# Another optical illusion



## toddpedlar (Jul 6, 2009)

Check this out: 







No, they aren't...


----------



## LawrenceU (Jul 6, 2009)

Very interesting. If you focus on one it stops. But, shift your focus and it starts up again.


----------



## Claudiu (Jul 6, 2009)

awesome


----------



## PresbyDane (Jul 6, 2009)

I am sorry i dó not ude my etes with equal entensity, something I was born with and have therefor never bern to get these types og illusions to work, what are they supposed to do?


----------



## rbcbob (Jul 6, 2009)

LawrenceU said:


> Very interesting. If you focus on one it stops. But, shift your focus and it starts up again.

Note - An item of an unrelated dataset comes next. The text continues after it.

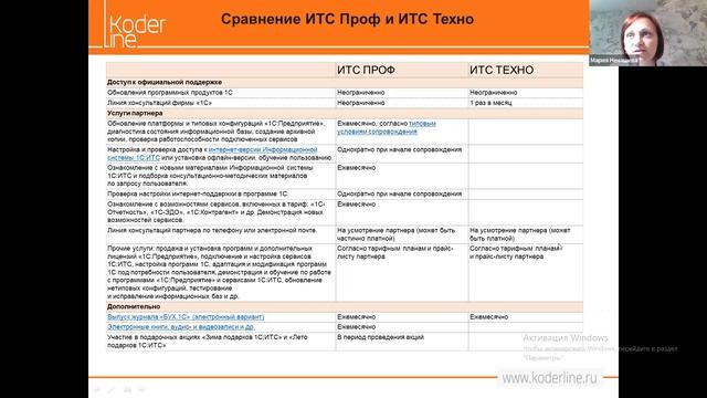 Компания «Кодерлайн» провела вебинар «ИТС и сервисы – используй на все 100» Ведущая: Ненашева Мария Андреевна - эксперт в области ЭЦП и ЭДО Целевая аудитория Специалисты и руководители IT служб, бухгалтерии. Описание Цель вебинара - раскрыть понятия договора ИТС, донести полное описание возможностей, входящих в договор ИТС без дополнительных оплат. Зачастую организация не использует большую часть возможностей, которые включены в договор ИТС, фактически нуждаясь в их функциональности. В результате компания переплачивает лишние деньги, тратит время на внедрение и содержание внешних средств автоматизации. В ходе вебинара будут подробно рассмотрены все услуги и сервис, входящие в договор ИТС. Программа 1. В каких случаях требуется договор ИТС. 2. Понятие и виды договоров ИТС. 3. Услуги, входящие в состав договора ИТС. 4. Сервисы 1С, входящие в состав договора ИТС.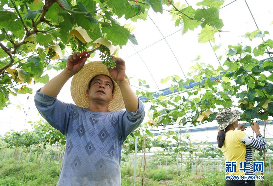 5月13日,在福建省建甌市小橋鎮(zhèn)陽澤村誠源果蔬專業(yè)合作社,村民在修剪葡萄枝葉。誠源果蔬專業(yè)合作社有葡萄園100多畝,產(chǎn)品供應(yīng)北京上海市場,村民可以在葡萄園內(nèi)從事季節(jié)性工作。新華社記者賀燦鈴攝

If you focus on one *long enough* they all stop. Yeah .... I have too much free time today


----------



## Tripel (Jul 6, 2009)

Re4mdant said:


> I am sorry i dó not ude my etes with equal entensity, something I was born with and have therefor never bern to get these types og illusions to work, what are they supposed to do?



They're not supposed to do anything except appear as if they are moving.


----------



## Ivan (Jul 6, 2009)

rbcbob said:


> LawrenceU said:
> 
> 
> > Very interesting. If you focus on one it stops. But, shift your focus and it starts up again.
> ...




Yes, but my left eyeball fell out of its socket.


----------